Sierra was a pregnant mama taken into our rescue in the prime of kitten season. This poor young girl was already pregnant. When she started giving birth, her foster mom knew she needed assistance, as her babies did not survive. The vet suggest an emergency spay to save her life. Thankfully, Sierra made it through the surgery and healed quickly. Right now she is searching for her forever home. After her ordeal, she knows she deserves to be spoiled by a forever family. Meet Sierra here.
Restore and renovate trailer donated to animal shelter for community cat room.

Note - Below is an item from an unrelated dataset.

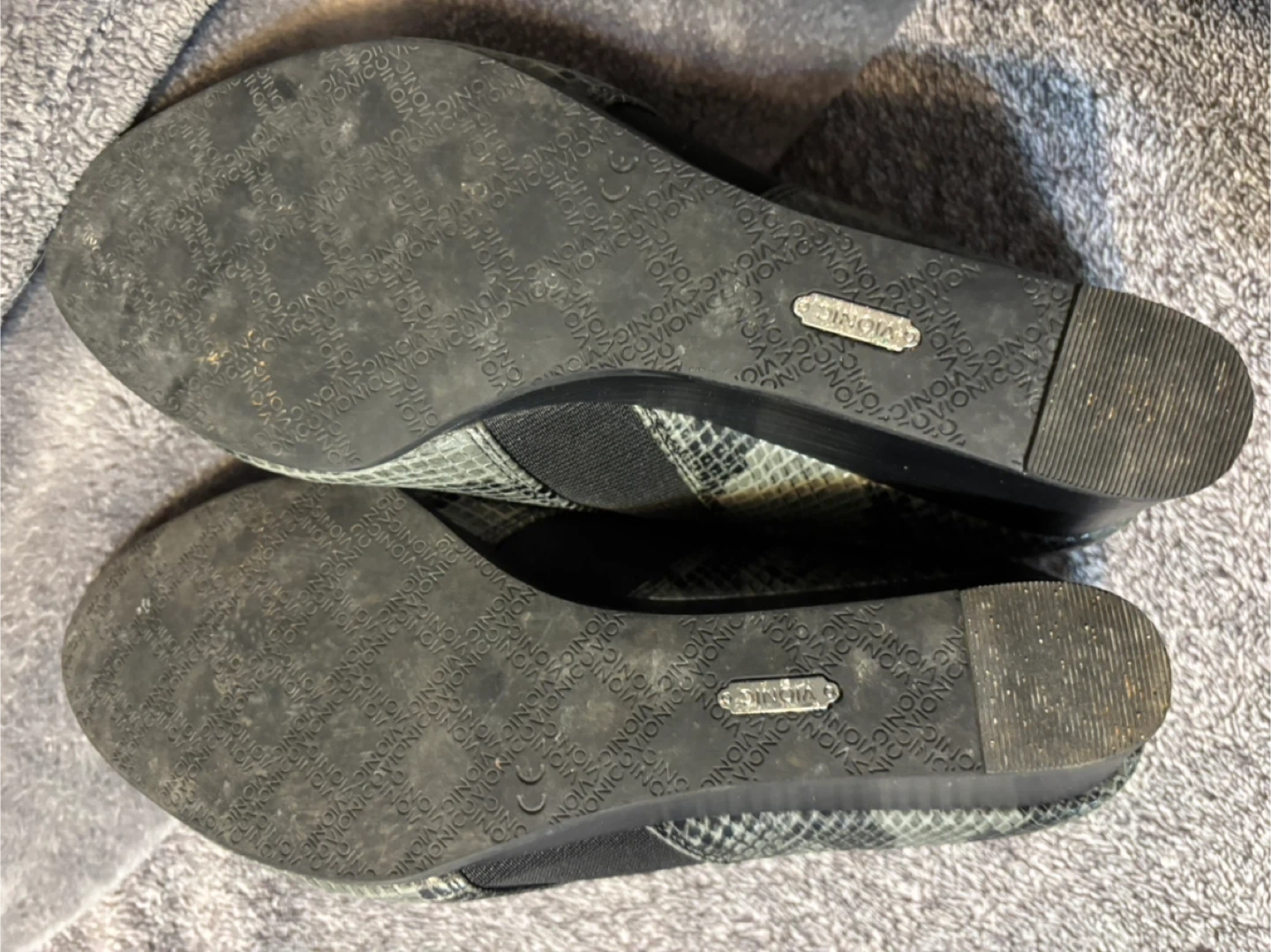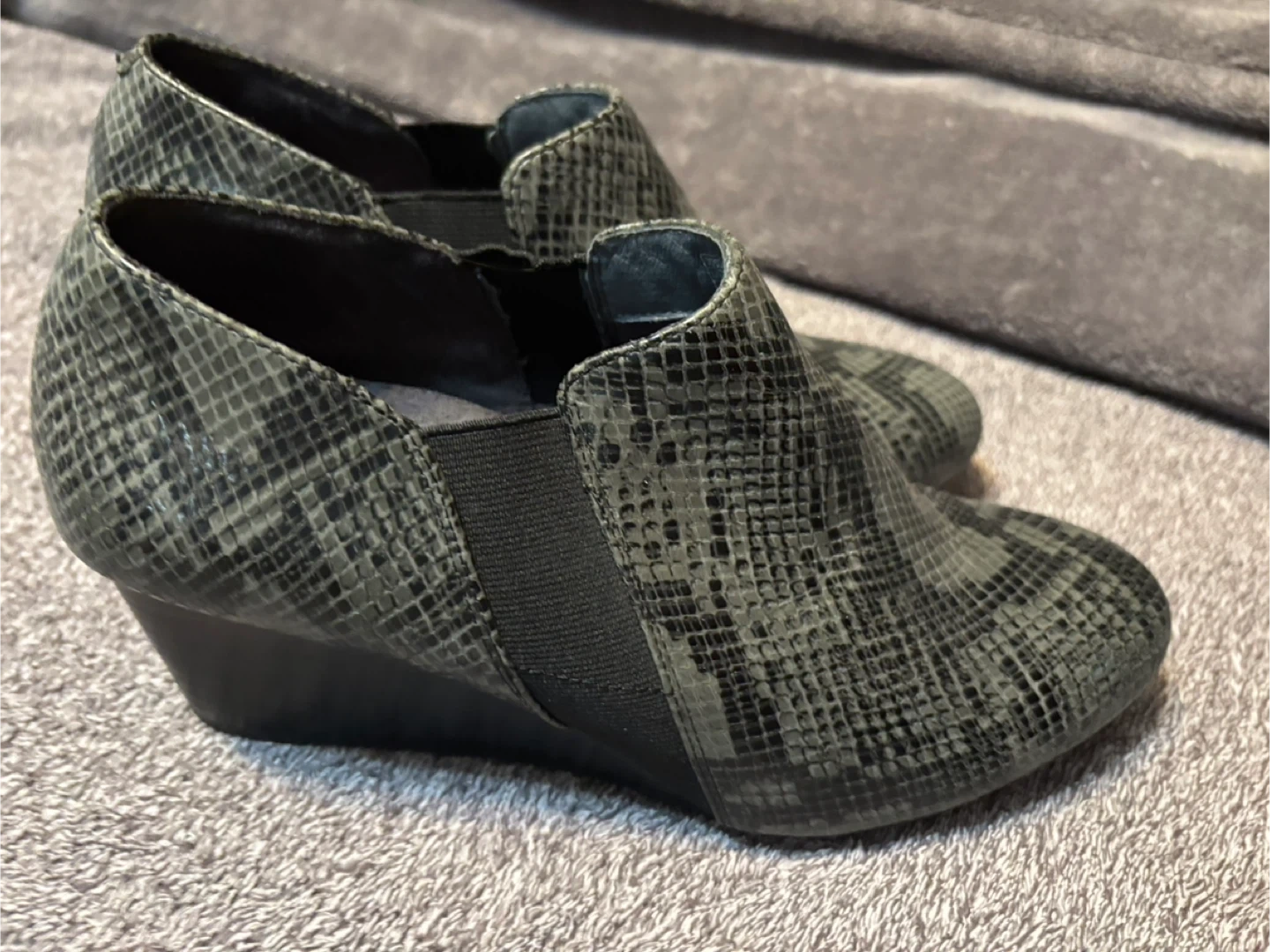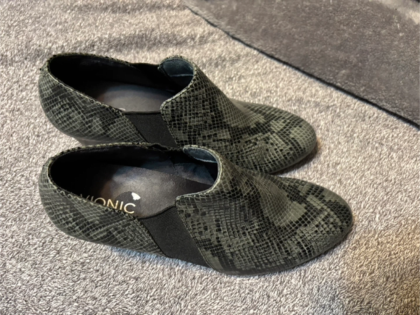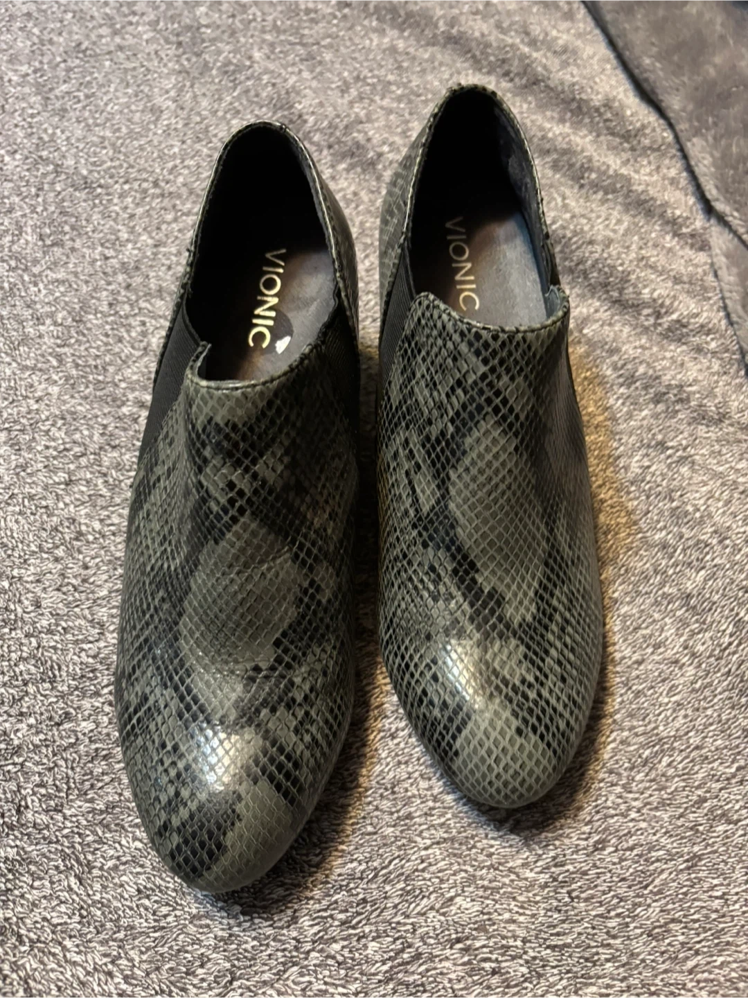 Comfortable Vionic slip-on boots featuring a grey snake print design. These boots have elastic side panels for easy wear. They're great for adding a stylish touch to any casual outfit. Like new

It helped by allowing us to get the chairs, cat towers, beds, toys, bowls, and litter pans for inside the cat room. It also helped with supplies for the cats and storage for the supplies.
10 cats are in the cat room now and many more are to come.
We have had four kittens since they were 8 weeks old and they are still with us three months later. They were getting bored in cages in the shelter and one had stopped eating. Once the cat trailer was done, we moved them all, with some others their age, out to the cat room. They have come back to life and really started to show their personalities. They all love the freedom they have to play and roam around freely. After only being out in the cat room for three days, one of the four kittens was adopted.
We originally planned to use the P.L.A.Y. pet beds for senior dogs awaiting forever homes. As often happens in shelters, a new, more pressing need takes center stage. Our beds arrived at the start of puppy season. Two particularly miserable dog mamas-to-be were Mia and Maria. We were able to make these ladies-in-waiting more comfortable while in our care until they could deliver their puppies.
We were able to make homeless dogs more comfortable, especially late-term pregnant dogs who were struggling to get comfortable. We also use them for some of our senior dogs.
12, so far.
Maria was a very pregnant beagle mix dropped off at our shelter. She was young, scared and ready to give birth any day. We twice tried to place her in a foster home because we wanted her to be comfy and not exposed to any disease or illness that could hurt her pups-to-be. But Maria darted out the door of two separate foster homes, and search parties gathered to find her. It was a difficult decision, but we decided the shelter was the safest place for her. She was very uncomfortable, so we decided to try the P.L.A.Y. beds for her. She was able to rest easy on them until being sent to rescue, where she gave birth to five little beagle-hound mixes. All have been adopted into loving homes, including Maria.